All of the above moss started from one clump. It is no problem to clean (I, too use a turkey baster) and it is great when you want some fry to live but not 100.


----------



## leafgirl115 (Mar 26, 2006)

How much light does it need?


----------



## Christine (Nov 4, 2005)

I keep mine in some tanks that just have ambient lighting and other tanks with just stock lighting. Doesn't grow as fast, but it still grows!


----------



## darkfalz (May 7, 2006)

Mine grew like crazy in my female Betta tank, but eventually I took it out. I thought it was causing a weird smell which was probably caused by a combination of things in hindsight (especially the sunlight and brown algae). I kept it for a number of months just putting waste water into a container with it, but finally I got rid of it all.

The thing about this stuff is that every time I did a full clean and took out the gravel, I'd STILL find strands of it in there, very long after I took the moss out of that tank. But I think it's all gone now  If I try live plants again I'll get something which stays in one piece.

My Bettas did enjoy it though, they slept on it, or even in it.


----------



## leafgirl115 (Mar 26, 2006)

Would moss do ok in a 20g tank with 18w light?


----------



## Ownager2004 (Apr 4, 2005)

Yes java moss will grow in just about anything.


----------



## leafgirl115 (Mar 26, 2006)

is there any where you can get it in canada? All the places i have seen dont cary it


----------



## TheOldSalt (Jan 28, 2005)

Not many places carry it, since it's messy, hard to measure, and so easily gotten from other hobbyists. That's where you should look- other hobbyists in your area.


----------



## leafgirl115 (Mar 26, 2006)

I dont now any. lol i dont belonge in a club or any thing. And non of my friends realy have any fish.


----------



## Fiki (Apr 27, 2006)

Have to say that I'm more than satisfied with Java in my tanks. There's no so many aquatic plant species, so easy to care and so good-looking. I wish I could send U some of mine...

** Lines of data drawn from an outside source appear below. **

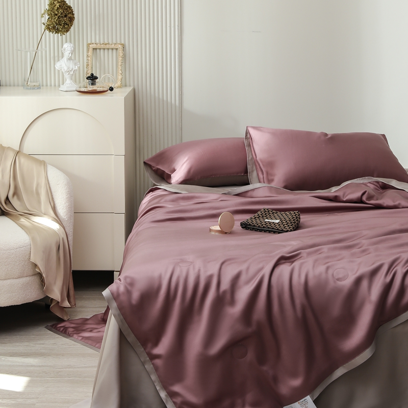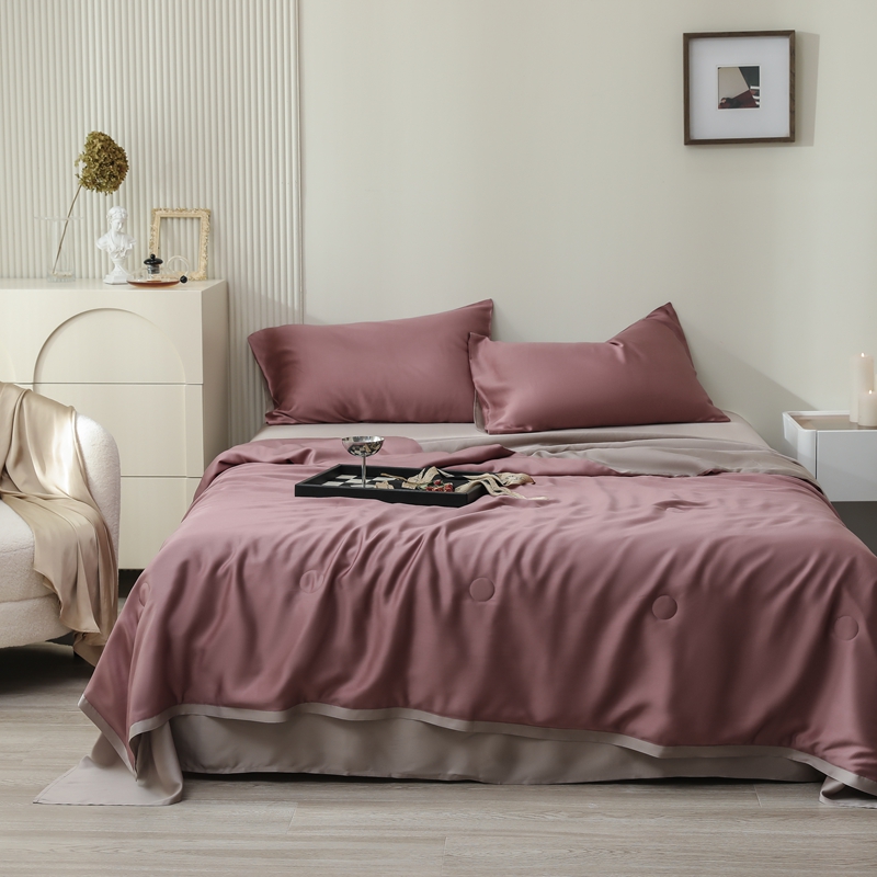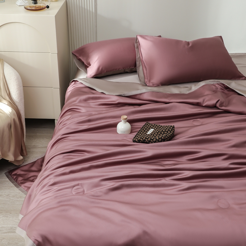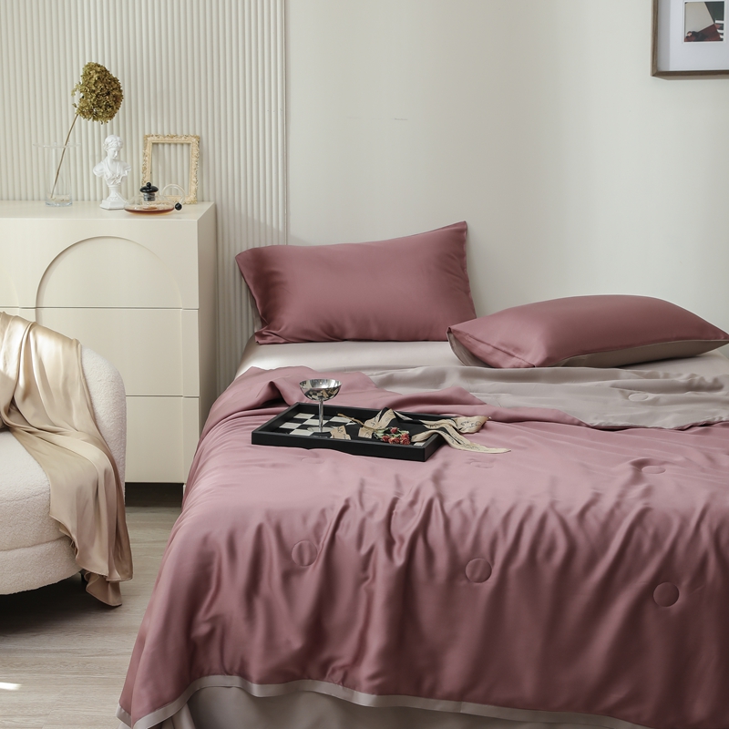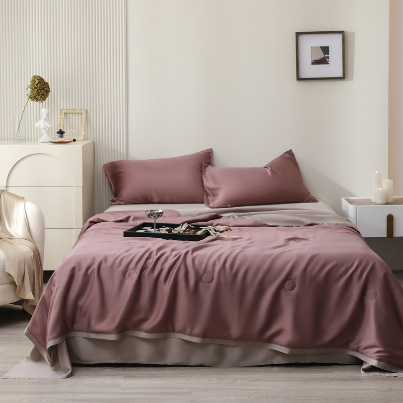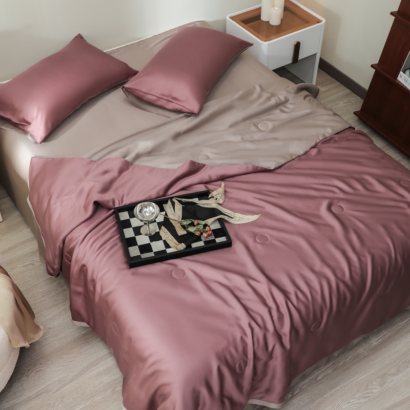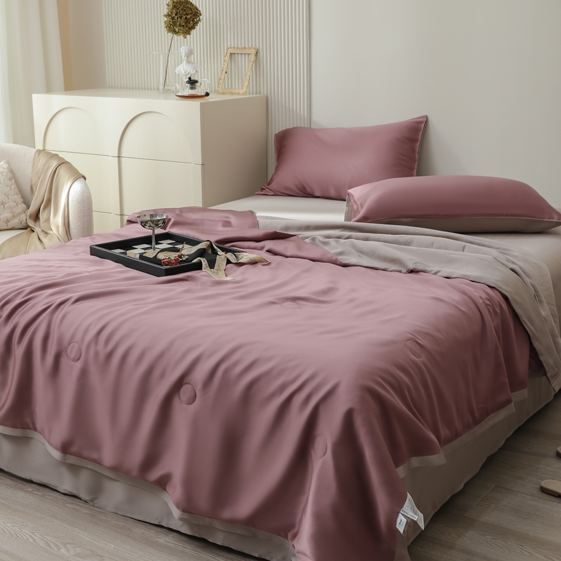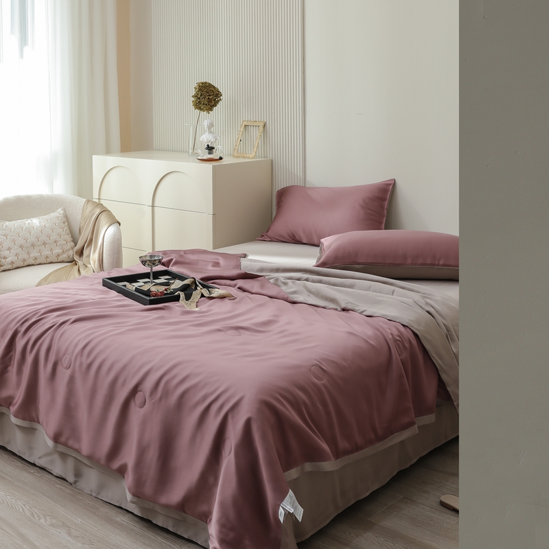 当前位置: 91家纺网 > 商品网购 > 床品套件 > 四件套 > 夏被四件套 > 眷恋家纺 2025春夏新款双拼纯色60天丝夏被四件套 野樱莓-芋泥灰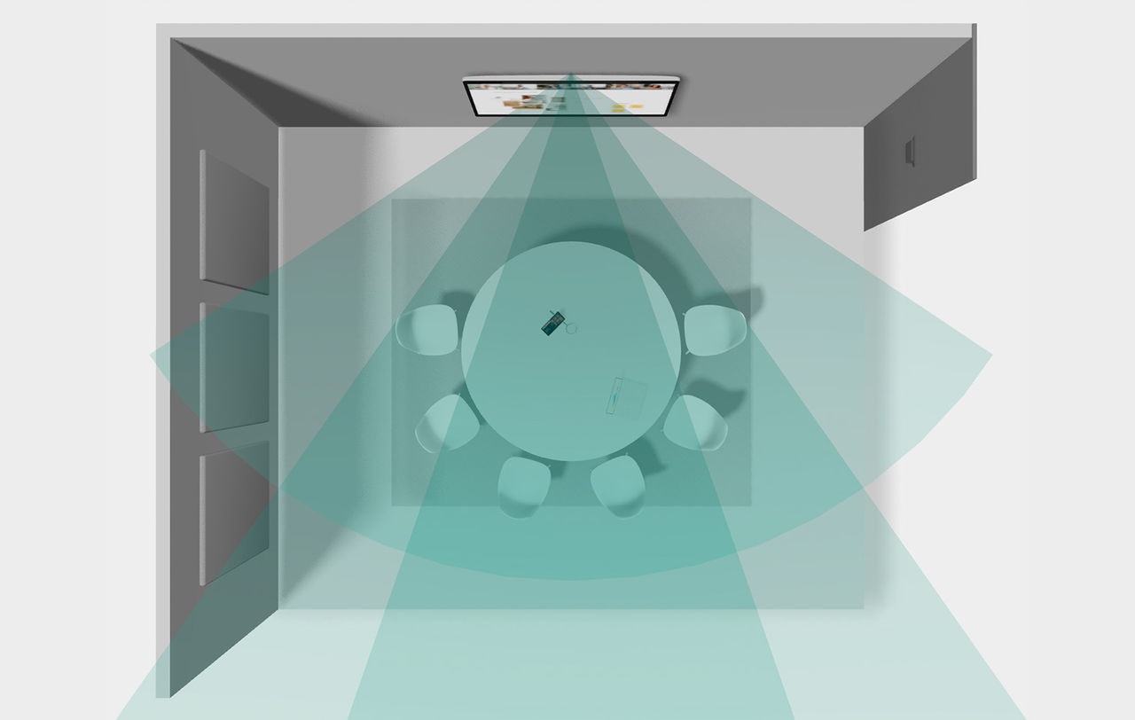 A wide-angle lens, a far-reaching tele-lens, and AI virtual zoom enhancement work seamlessly together to capture and frame all participants in the room. To support inclusive presentations, the setup can be extended with a PTZ camera for dynamic, optimized presenter views.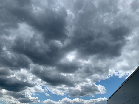西の空は、通り雨をもたらしそうな雲もあるが、雲は隙間が多くなっている。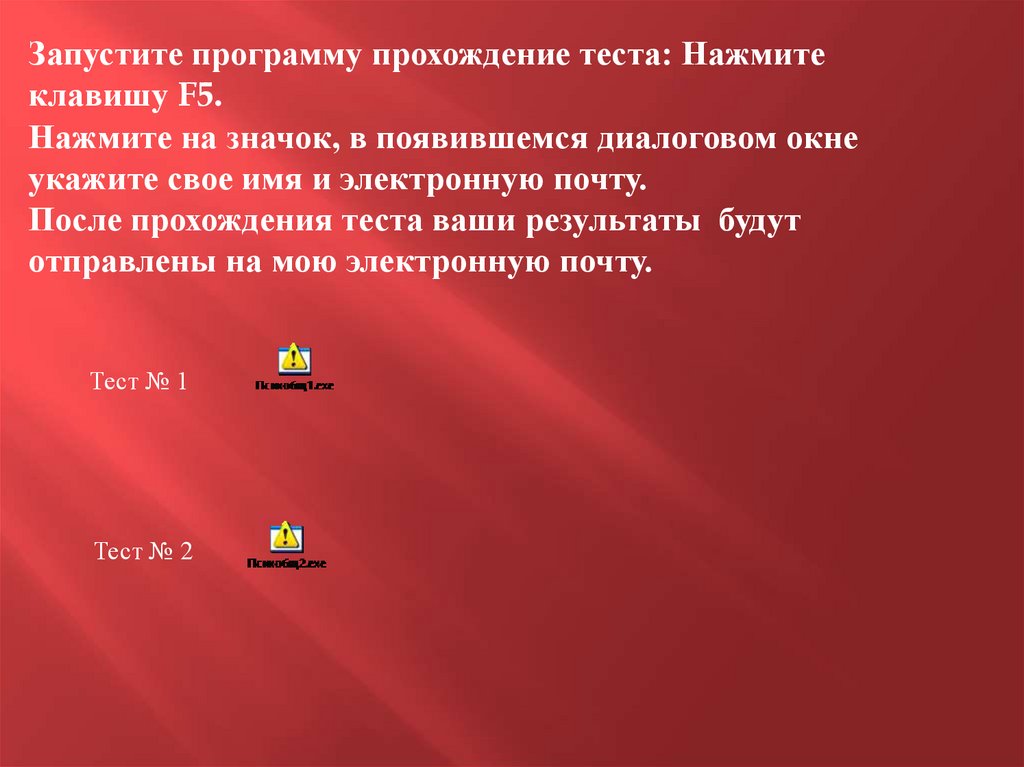Запустите программу прохождение теста: Нажмитеклавишу F5.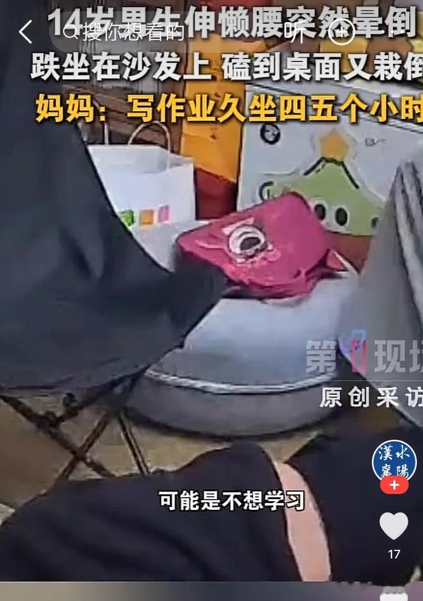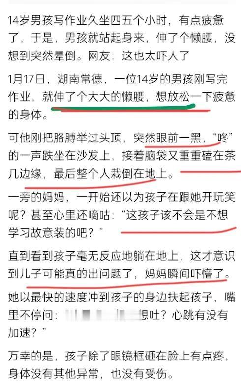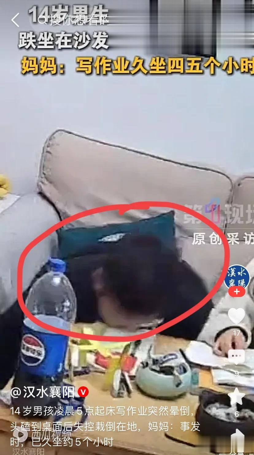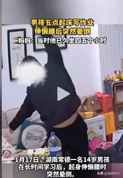 1月17日,湖南常德,一14岁男孩凌晨五点就起床赶作业,连续久坐五个小时晕倒。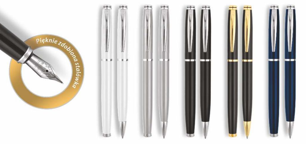 Popularny komplet składający się z długopisu i ołówka automatycznego w estetycznym etui.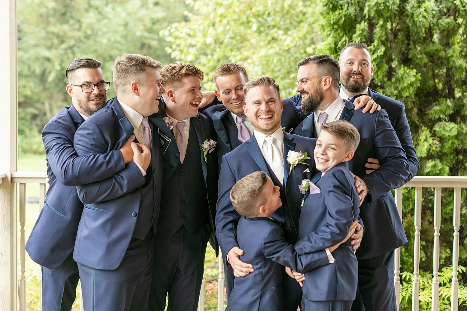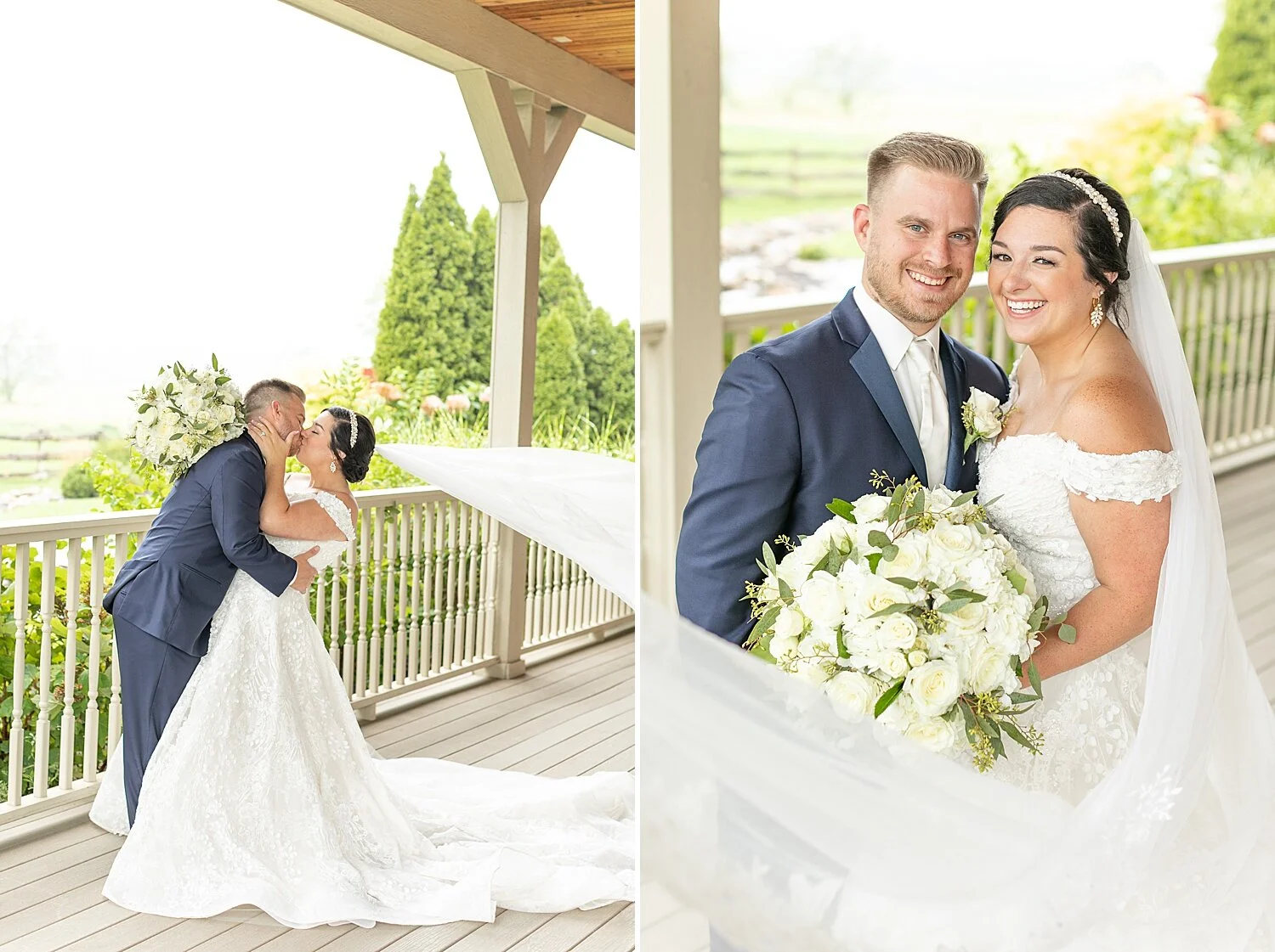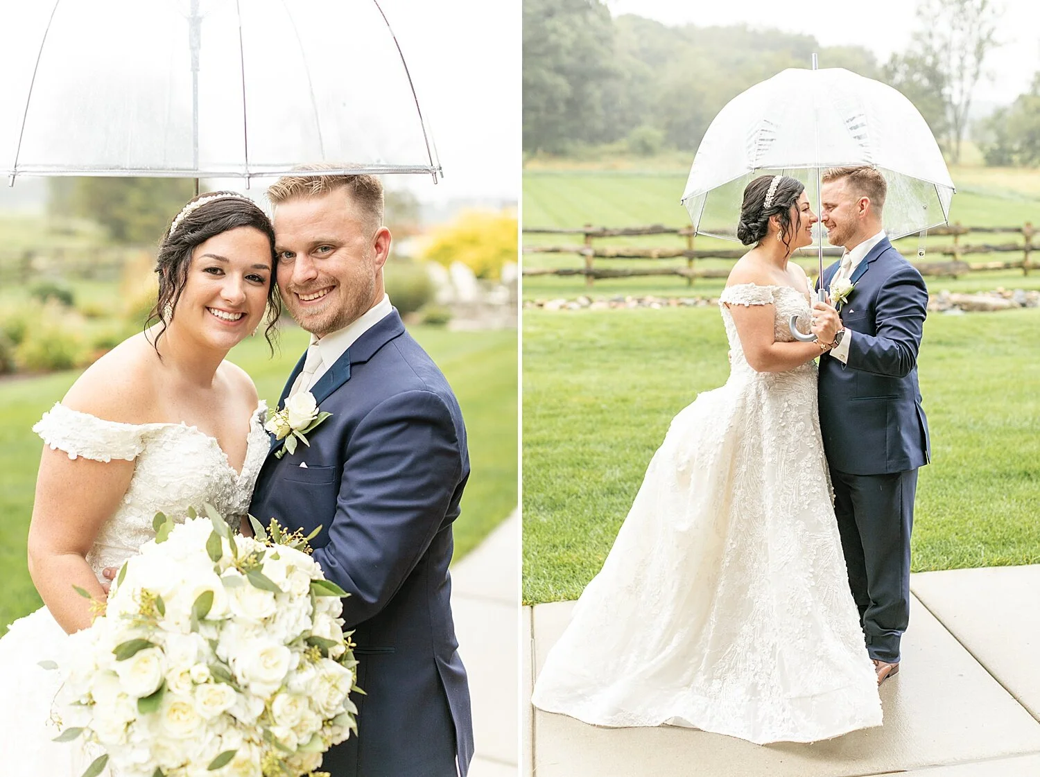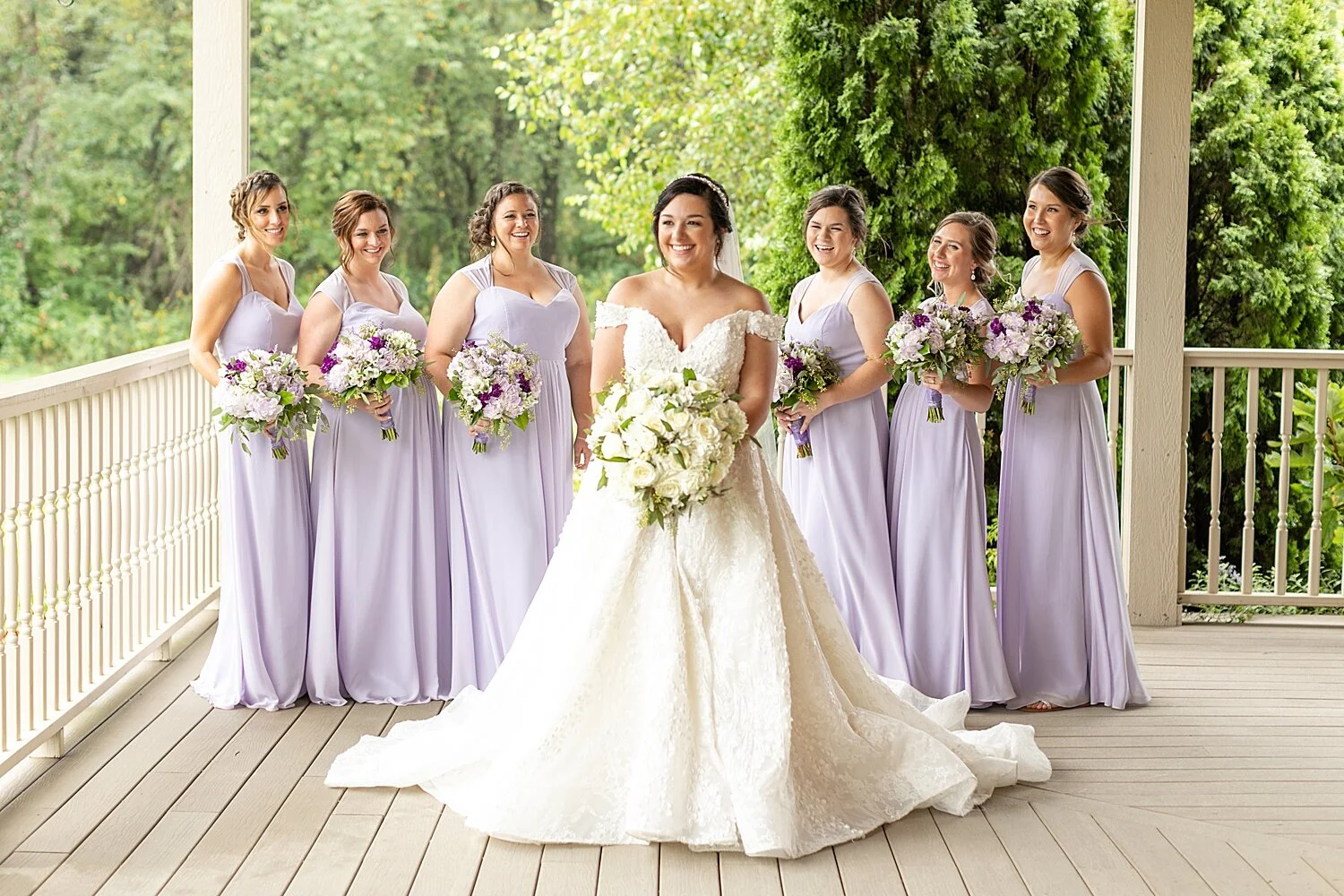 The sound of the rain pouring on the roof of the wrap around porch, the slight breeze blowing through, the crispness in the air- all made the perfect and cozy setting for Alyssa and Ethan’s wedding day. One of the biggest fears when planning a wedding (besides dealing with a global pandemic, yikes!!) is the idea of rain ruining your day. It makes things a little difficult, especially your photos! BUT, I think the rain was in our favor on this chilly Saturday! Sure, we couldn’t do much outside (except when there was a 3 minute clearing JUST in time for the full wedding party photos!) but we made the most of it and let me just say, I was FOREVER grateful for the wrap around porch that Fair Oaks Farms has around their venue! We did almost all of their portraits on different parts of the porch and I am IN LOVE with how they turned out! A few people even commented that the sound of the rain while we were taking photos made the setting so cozy and relaxing! I couldn’t agree more! It was beautiful!

Here's some old photo with Vesicularia dubiana.



Rgds,
Fiki


----------



## MaryPa (Jan 25, 2006)

I have java moss in my tanks. I have some that has grown attached to driftwood. I keep it trimmed pretty short. I keep extra Java moss in a bucket with just water and natural sun light. It doesn`t grow fast but I keep it just in case I need to toss some ina tank for fry.


----------



## Alin10123 (May 22, 2005)

Fiki said:


> Have to say that I'm more than satisfied with Java in my tanks. There's no so many aquatic plant species, so easy to care and so good-looking. I wish I could send U some of mine...
> 
> Here's some old photo with Vesicularia dubiana.
> 
> ...


Fiki,
I see you have some sawbwa rasboras in that tank with the picture that you just posted. I bought about 6 of those at my LFS to put into my community tank. One died while being acclimated. But ive got 5 of them left. Do they require any sort of special care? They seem to be doing ok in my tank with the rest of the fellas.


----------



## Fiki (Apr 27, 2006)

Dear Alin,

Those fishes are Rummy nose tetra (Red-nosed tetra, Firehead tetra, scientific name is _*Hemigrammus bleheri*_), and, if I'm correct, you can see four of them along with three Neons and one SAE.

Unfortunately, Sawbwa resplendens (Rummynose Rasboras, sawbwa rasboras) I have never had in my tank, so I am not a right person to give U any advice regarding the sort of special care they actually need. 

Best regards,
Fiki


----------



## Ringo (Apr 10, 2006)

i thought that java moss was an ''upfront'' plant?


----------